Welcome to Lab!

Intermediate and Advanced Laboratory, at their core, are about the making and supporting of scientific claims using modern data acquisition techniques and error analysis software. Scientists must have the abilities to analyze data, make conclusions, and then re-test those conclusions.

While honing these skills, Intermediate Lab will introduce you to modern experimental techniques in many physical disciplines, including: high energy physics, optics, plasma physics, nuclear and atomic physics, and much more.

As previously stated, you will be responsible for making scientific claims and verifying them by analyzing data that you will take. The importance of error analysis cannot be overstated. Many physicists spend much of their careers analyzing error margins and discussing their significance. So what is an "error"?

What is Error?

Errors come in two flavors, systematic and random. When making a scientific claim you must address the confidence in your claim through the analysis of both kinds of errors.

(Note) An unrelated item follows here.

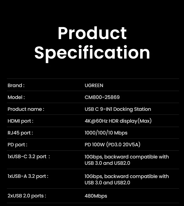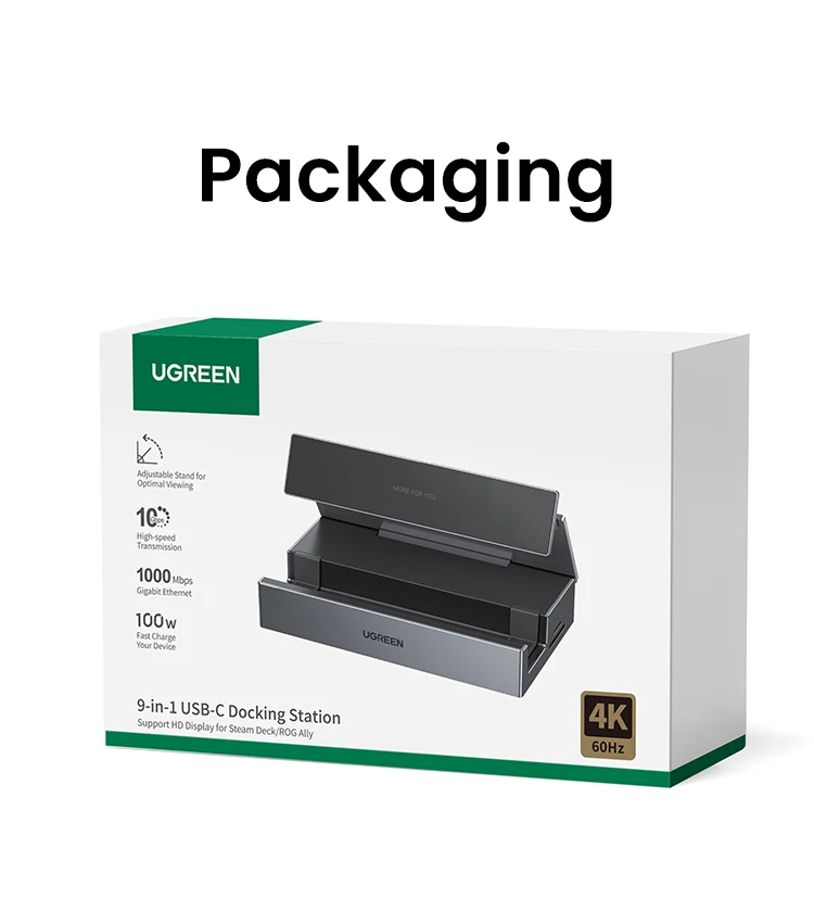 9-in-1 Expansion with 1xHDMI 4K@60Hz +1xUSB-C 3.2 10Gbps+1xUSB-A 3.2 10Gbps+1xRJ45 1000Mbps+1xPD 100W+1xSD 104MB/s+1xTF 104MB/s+2xUSB-A 2.0
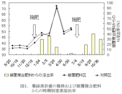 図1 葉緑素計値の推移および被覆複合肥料からの時期別窒素溶出率

When students arrive at an experimental measurement it is often compared to a "known" value. (This process is often cleverly disguised as "percent error") The discrepancy between an accepted (or known) value and a measurement is not a "true" error because the accepted value is itself a measurement complemented by a confidence in its value. All measurements are made by humans, and therefore rely on man-made instruments and our own perceptive capabilities.

How then can we decide what is a significant error and what is negligible? When we begin the grueling task of error analysis, what should we consider in order to present a faithful interpretation of our data? It is your job to identify and quantitatively decide which errors to consider. For example, we may consider the incidental vibration caused by a hyper-active lab partner as "garbage data," and thusly remove it, but what about vibrations caused by the not-so-obvious heavy equipment digging up Linn Street? The answers to these questions are often left to the discretion of the individual scientist, and may jar the previously held belief that science is wholly objective. Science is, however, incredibly useful and successful, as you will see during this semester.

Systematic Error

A systematic error is just that: an error that is present throughout an entire data set that biases data in a particular direction. Often systematic errors are the result of an improper calibration, error in a theory, or simply faulty experimental technique.

Attempts must be made to remove systematic error from you data. This may be as simple as recalibrating your device, or as difficult as creating a new theory. In fact, analysis of systematic error is the bridge between experimental and theoretical science.

Random Error

Random error is a kind of error that cannot be eliminated. It is a manifestation of the true limitations of our equipment and senses. However, it is important to note that random error can be reduced. This is commonly seen in experiments reporting things like the speed of light. When we say we know its value to within 6 digits that is simply saying that the random error in our measurement is so small that it is a fluctuation at one-millionth of the entire value, thus yielding a useful number, albeit with random error.